Los cambios introducidos a la Ley 14.250 de negociación colectiva por la reforma laboral constituyen una palanca jurídica para abaratar el precio de la fuerza de trabajo e intensificar la explotación a través de la competencia entre trabajadores. Por Luciana Censi ( *) – Publicado en Indymedia Argentina

La doble vara estatal: desregulación y control
La reforma combina la promoción de los convenios colectivos por empresa, salarios atados a la productividad y esfuerzo, flexibilidad horaria a medida de la patronal y un férreo control del ausentismo.

Por un lado se desregula la economía desencadenando el libre juego de despidos y cierres empresariales y por el otro se sobre-regula la actividad sindical para ahogar toda respuesta colectiva.

La primacía del convenio de empresa sobre el de actividad, la participación de sectores patronales minoritarios en las comisiones negociadoras, el llamado a renegociar convenios colectivos y la amenaza de suspender convenios homologados bajo el pretexto de distorsiones económicas configuran una agresión directa contra la autonomía sindical.

La atomización y el fin de la “barrera social”
El mercado de trabajo aparece formalmente como un intercambio de equivalentes (fuerza de trabajo y salario) entre partes libres, donde el convenio por rama de actividad, en nuestra región, funciona como la “barrera social” que limita temporalmente la competencia individual entre los trabajadores.

La atomización que fomenta la normativa desarticula la coalición en la venta.

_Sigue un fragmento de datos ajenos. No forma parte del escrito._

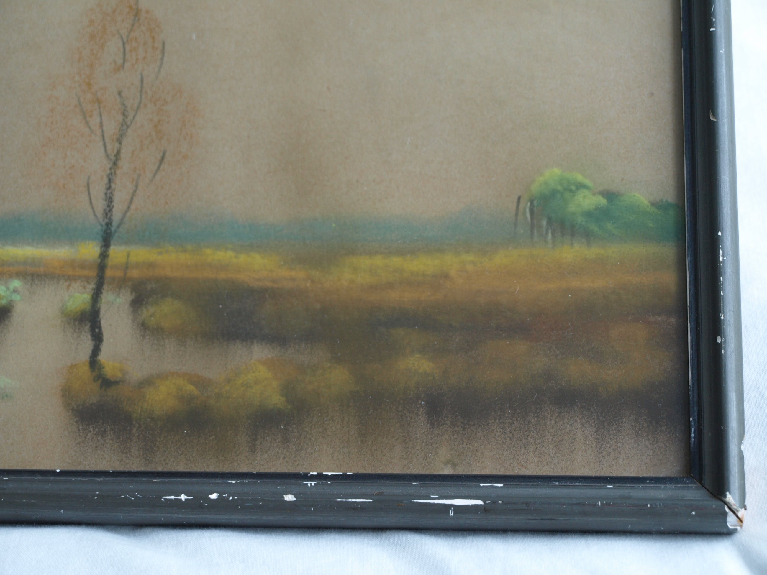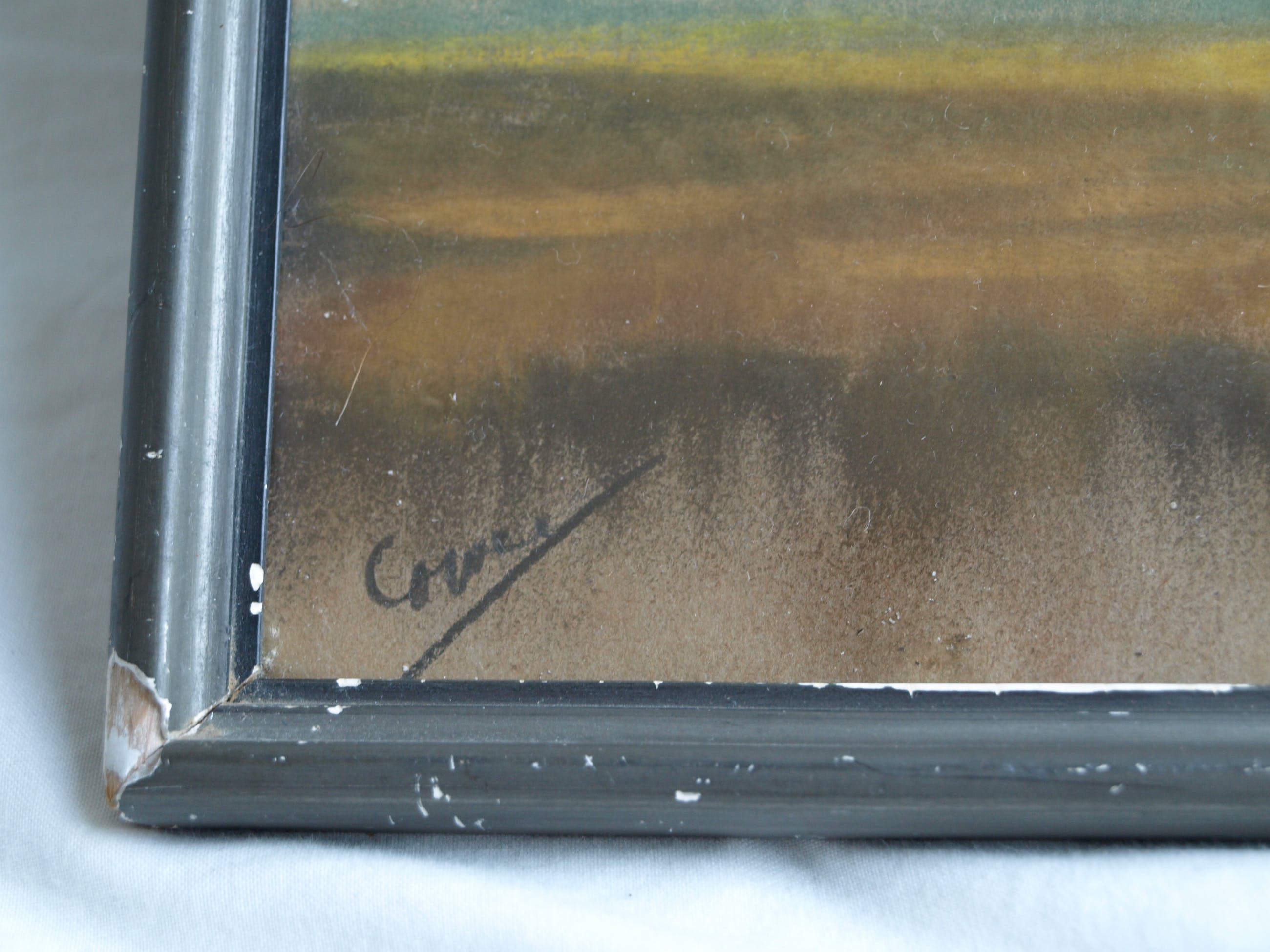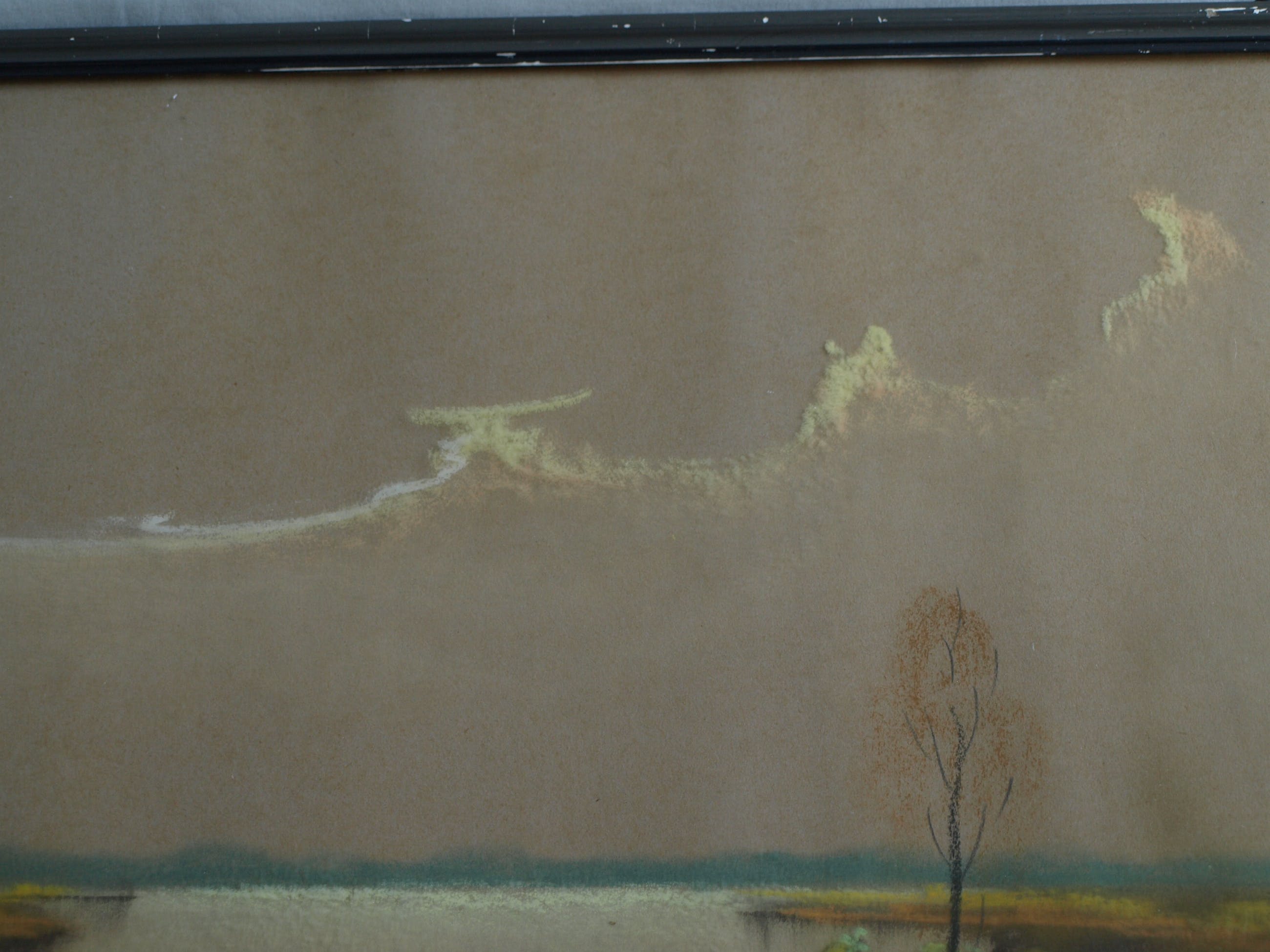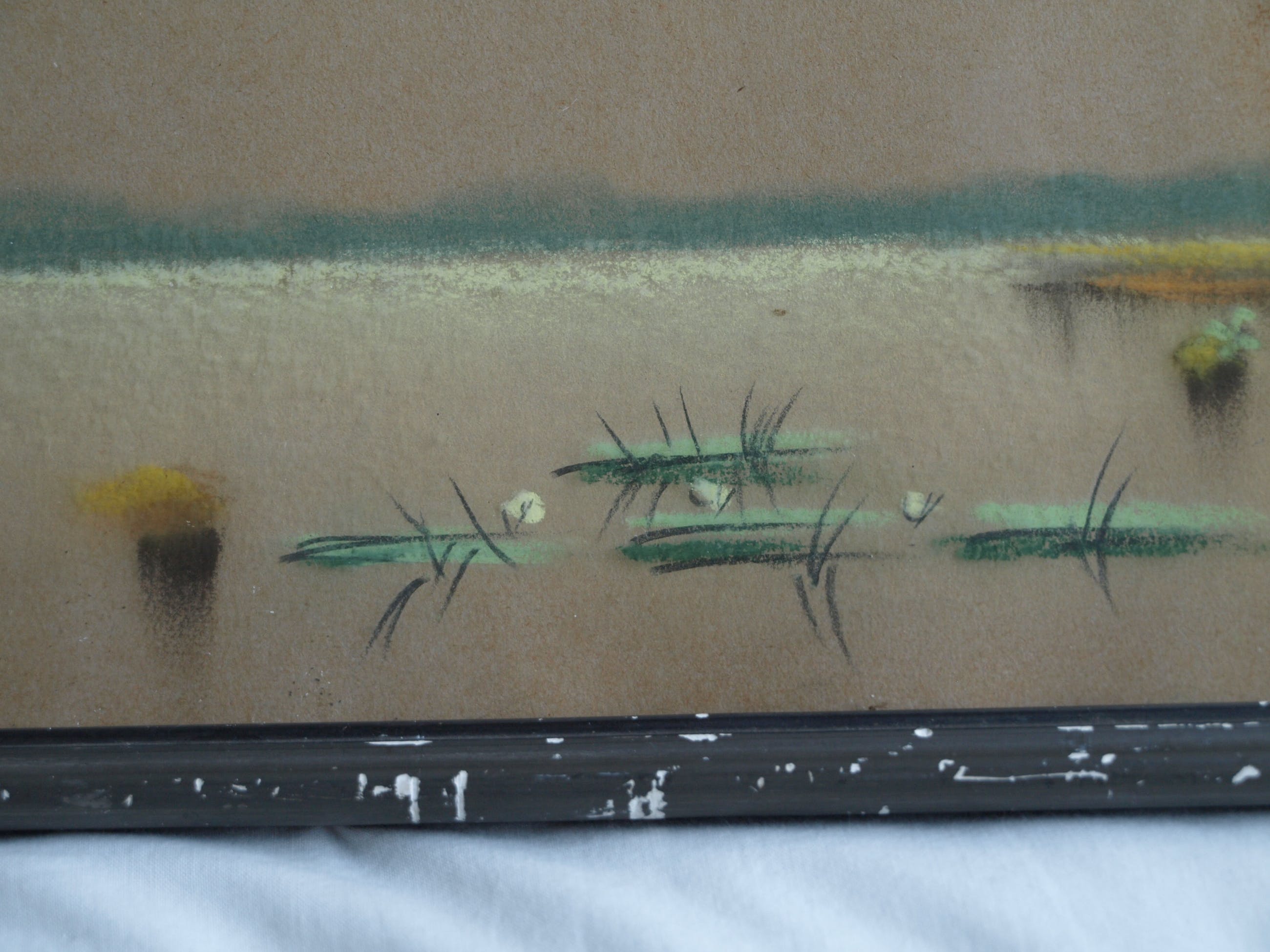 -Conditie: De pasteltekening is in redelijk goede staat. De lijst heeft beschadigingen
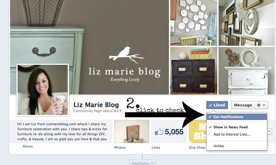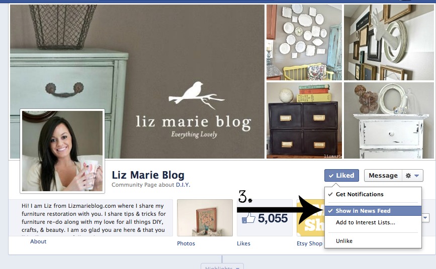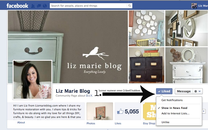 First of all you want to hover your cursor over the “liked” button on the Liz Marie Blog facebook page {here} You will see a drop box with some options in it like: Get Notifications, Show In Newsfeed, & add to Interest lists…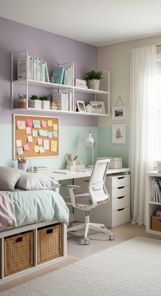 - Colors: Calming shades like soft blue, sage green, or pastel pink to encourage focus.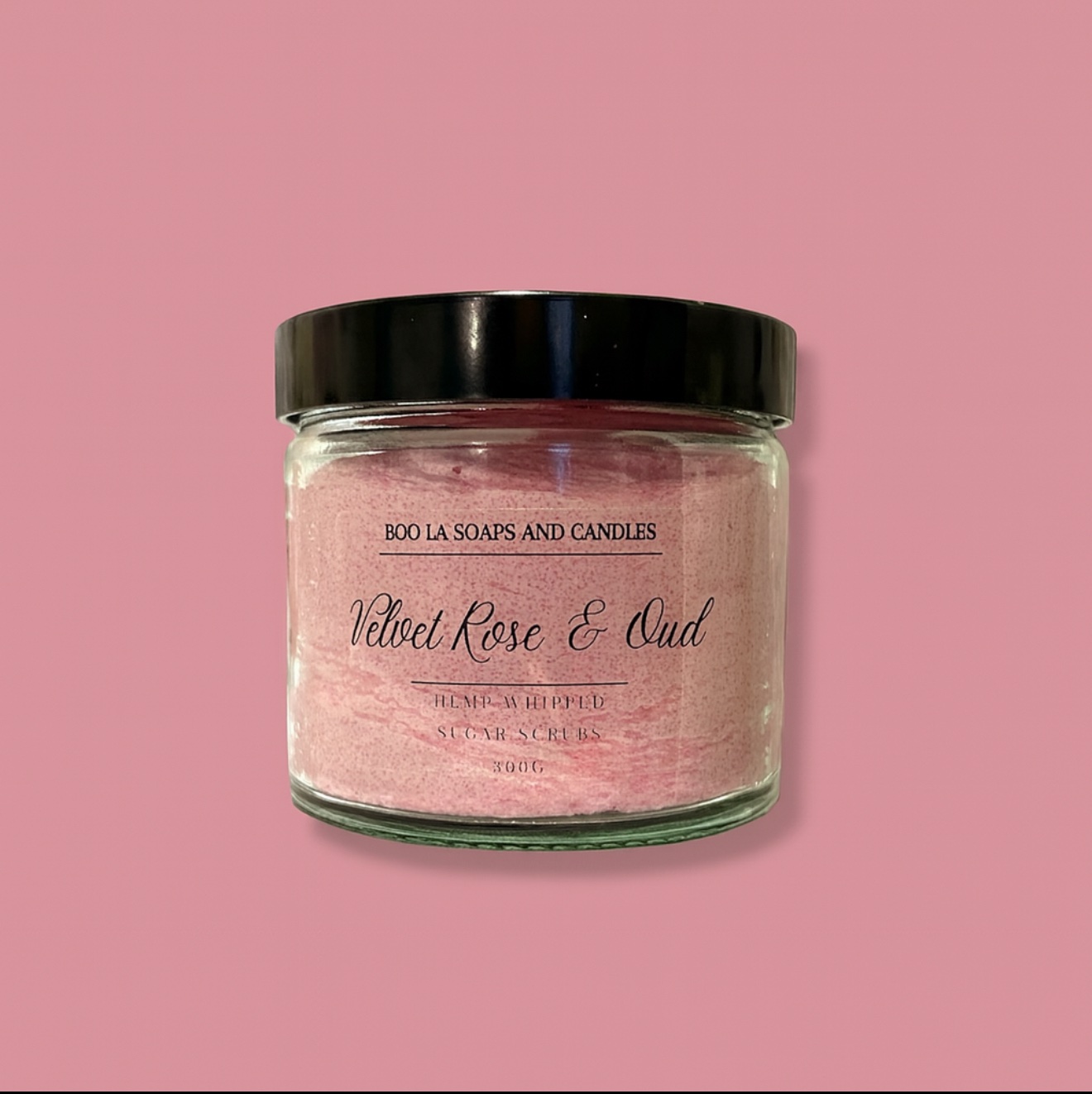 Experience the perfect harmony of romance and luxury with our Velvet Rose and Oud Whipped Sugar Scrubs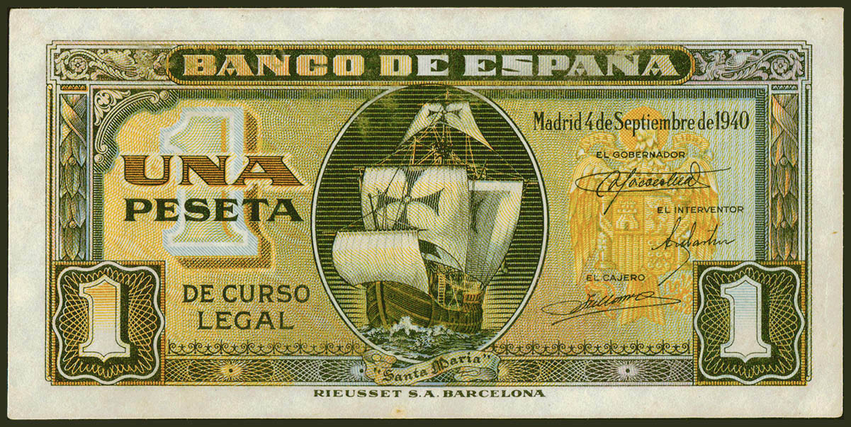 1 Peseta. 4 de Septiembre de 1940. Serie B. (Edifil 2021: 442a). Conserva todo su apresto original. SC--.

Al competir empresa por empresa o sector por sector —sumado al crecimiento de los despidos y a la amenaza de caducidad de los convenios colectivos—, se obliga a los trabajadores a aceptar rebajas en el precio. De esta manera, se consolida el abaratamiento de la fuerza de trabajo mediante la competencia intraproletaria.

Cuáles son los engranajes de esa flexibilización
-Quiebre del salario mínimo: la negociación por empresa fulmina el piso de la rama, despojando al colectivo obrero de su rol como vendedor unificado.
-Depresión del ingreso real: mediante adicionales transitorios y beneficios no remunerativos individuales, el capital reduce el precio de la fuerza de trabajo sin alterar el salario nominal base.
-Flexibilidad horaria: el fraccionamiento de licencias y la jornada “a la carta” adaptan el tiempo de vida del trabajador al ritmo anárquico de la demanda empresaria.
-Control algorítmico e intensificación: la digitalización estricta de las licencias médicas y las metas de productividad comprimen el descanso, exprimiendo un mayor desgaste físico e intelectual por cada hora pagada.

Conclusión
La esfera de la circulación es el ámbito de la igualdad jurídica formal, donde el trabajador acude como poseedor de su mercancía para venderla a cambio de un salario. Sin embargo, la organización sindical y los convenios por rama de actividad son una herramienta potente para poner límites a la ley de la oferta y la demanda que el capital usa en su favor. Este tipo de negociación funciona como la institucionalización de un “piso de venta” colectivo frente al capital.

Al fragmentarla y llevarla a nivel de empresa o individuo, la reforma reconvierte la venta de la fuerza de trabajo en una lucha de todos contra todos.

Como advirtió Marx, para protegerse del sufrimiento, los obreros necesitan erigir una “barrera social” infranqueable que les impida entregarse a sí mismos, mediante un contrato voluntario, a la esclavitud. La atomización legal demuele ese refugio, vistiendo de libertad formal la más estricta coerción económica.

(*) Luciana Censi es abogada laboralista y asesora sindical.